Records to use>

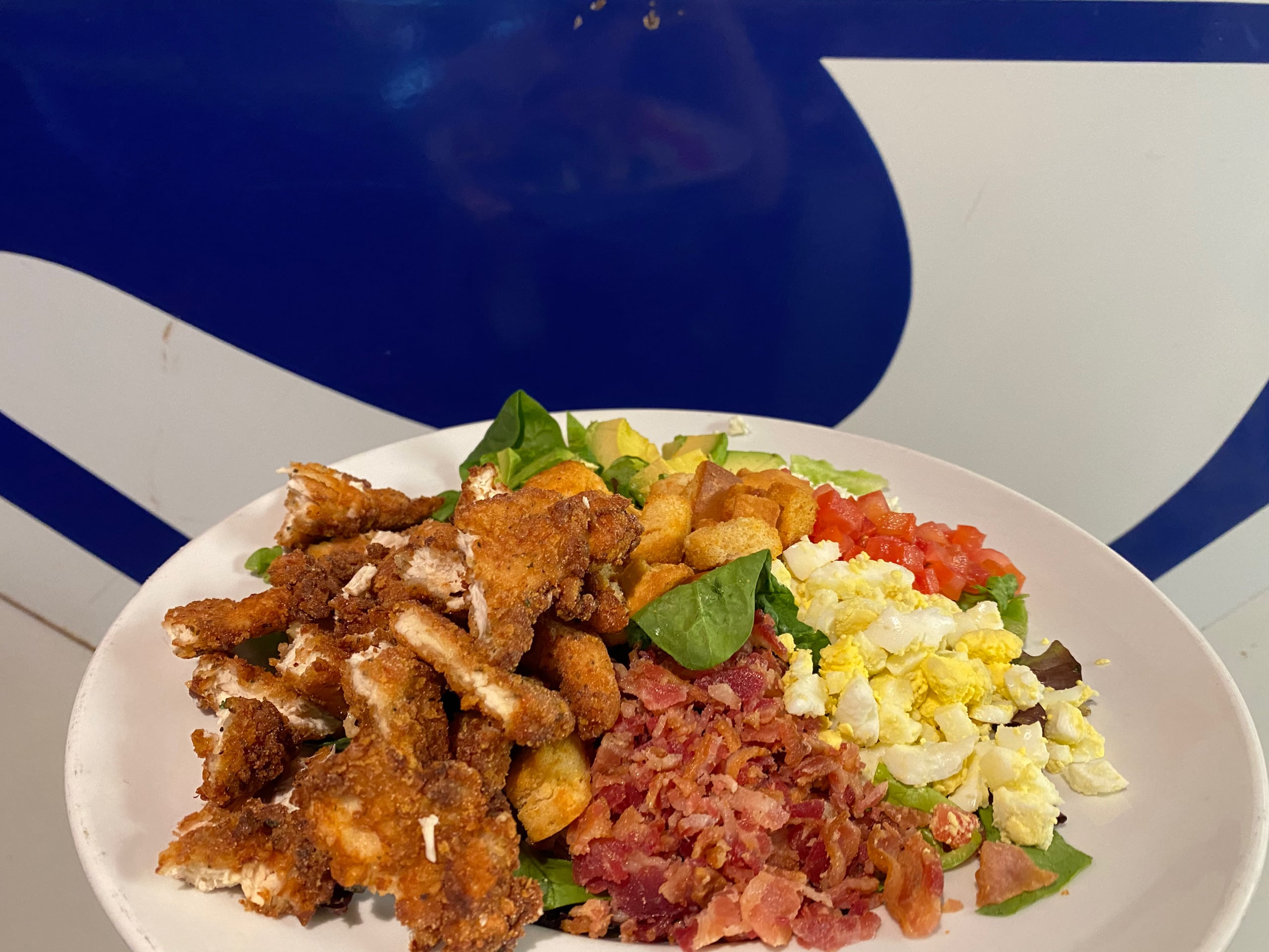 50/50 blended mix, bleu cheese, bacon, egg, diced tomatoes, avocado, garlic croutons, fried chicken tenders – honey mustard.
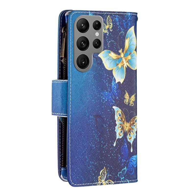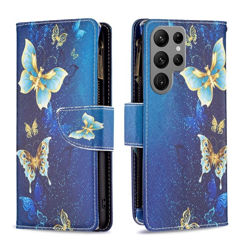 Θήκη τηλεφώνου Samsung Galaxy S23 Ultra 5G από δέρμα με φερμουάρ και σχέδιο ζωγραφικής σε χρώμα (Μωβ Πεταλούδα)
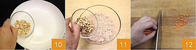 Rösten Sie die gehackten Cashewnüsse in einer antihaftbeschichteten Pfanne und rösten Sie sie einige Minuten, bis sie knusprig und dunkler sind 10. Fügen Sie dann die gerösteten Cashewnüsse zu den gehackten Putenstückchen hinzu 11. Nehmen Sie eine Karotte, schälen Sie sie und teilen Sie sie in zwei Hälften. Schneiden Sie sie dann in kleine Würfelchen 12.
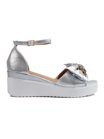 Strieborné dámske sandále na kline s mašličkou
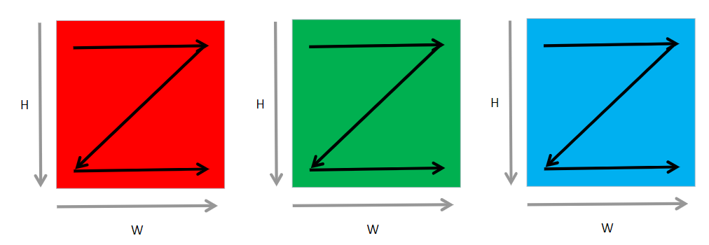 类似的NHWC数据格式是先取C方向数据,再取W方向,然后是H方向,最后取N方向。NHWC是Tensorflow默认的数据格式。这种格式在PyTorch中称为Channel-Last。
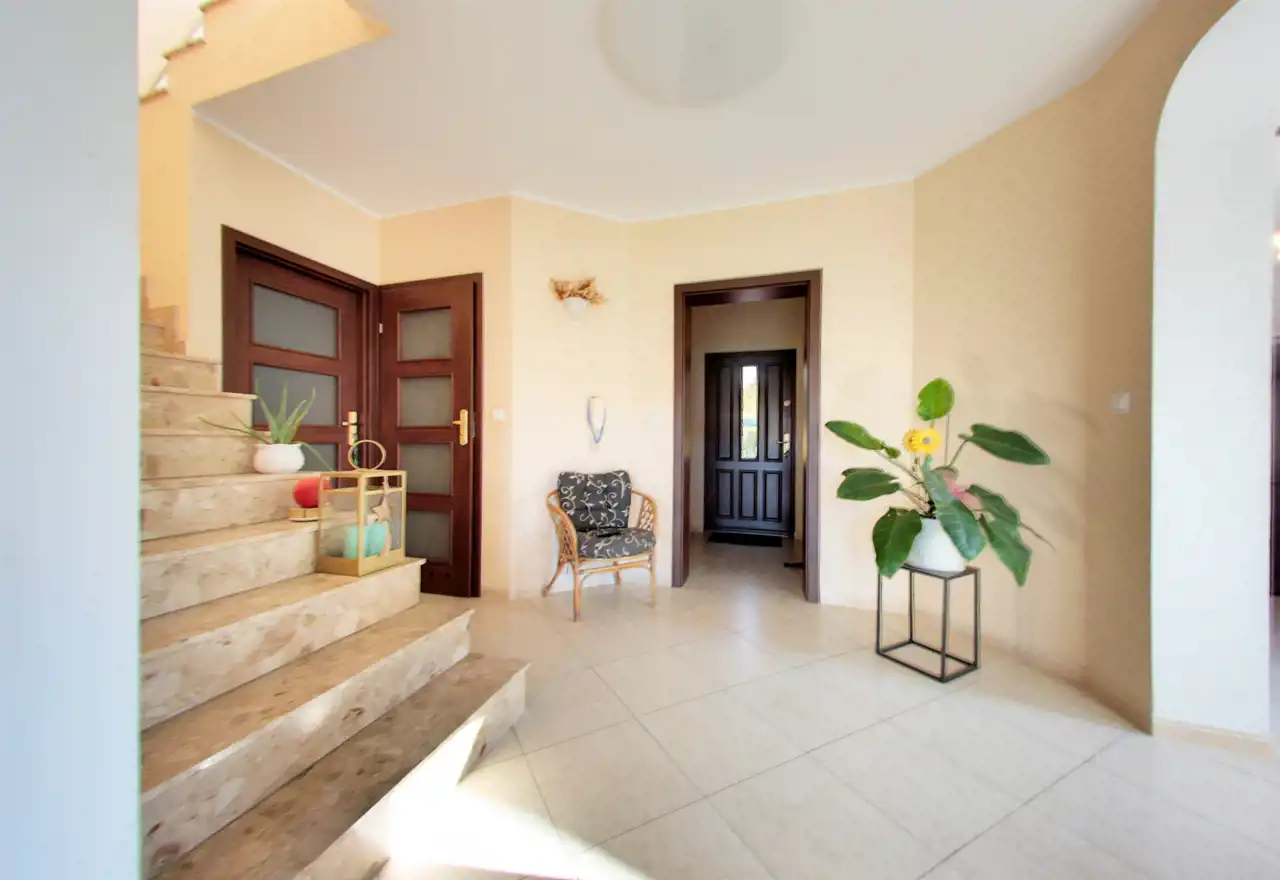 Na parterze znajdują się również: sień, garderoba, hall, toaleta, garaż oraz wydzielony lokal z osobnym wejściem, składający się z trzech pomieszczeń o łącznej powierzchni 27,6 m² – idealny do prowadzenia gabinetu, biura, kancelarii, a także do przekształcenia w niezależną kawalerkę lub apartament dla gości, co jest wyjątkowym atutem tej nieruchomości.
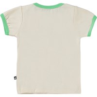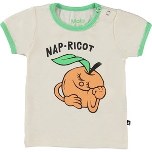 Easy ist ein Baby-T-Shirt in gebrochenem Weiß mit dem Aufdruck einer Aprikose, die ein Nickerchen macht. Easy hat einen doppelten Knopfverschluss an einer Schulter, was das An- und Ausziehen des Shirts erleichtert.
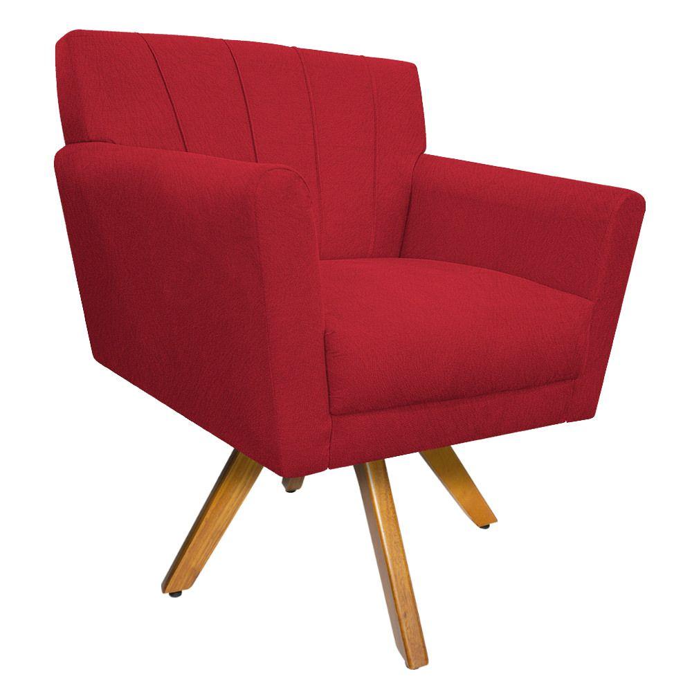 Poltrona Laura Base Giratória de Madeira Suede Vermelho

What you will do> Starting at the line that contains "Easy ist ein", write out every line through the final line of the entries, word for word; skip any pictures.

Task result>
 Easy ist ein Baby-T-Shirt in gebrochenem Weiß mit dem Aufdruck einer Aprikose, die ein Nickerchen macht. Easy hat einen doppelten Knopfverschluss an einer Schulter, was das An- und Ausziehen des Shirts erleichtert.
 Poltrona Laura Base Giratória de Madeira Suede Vermelho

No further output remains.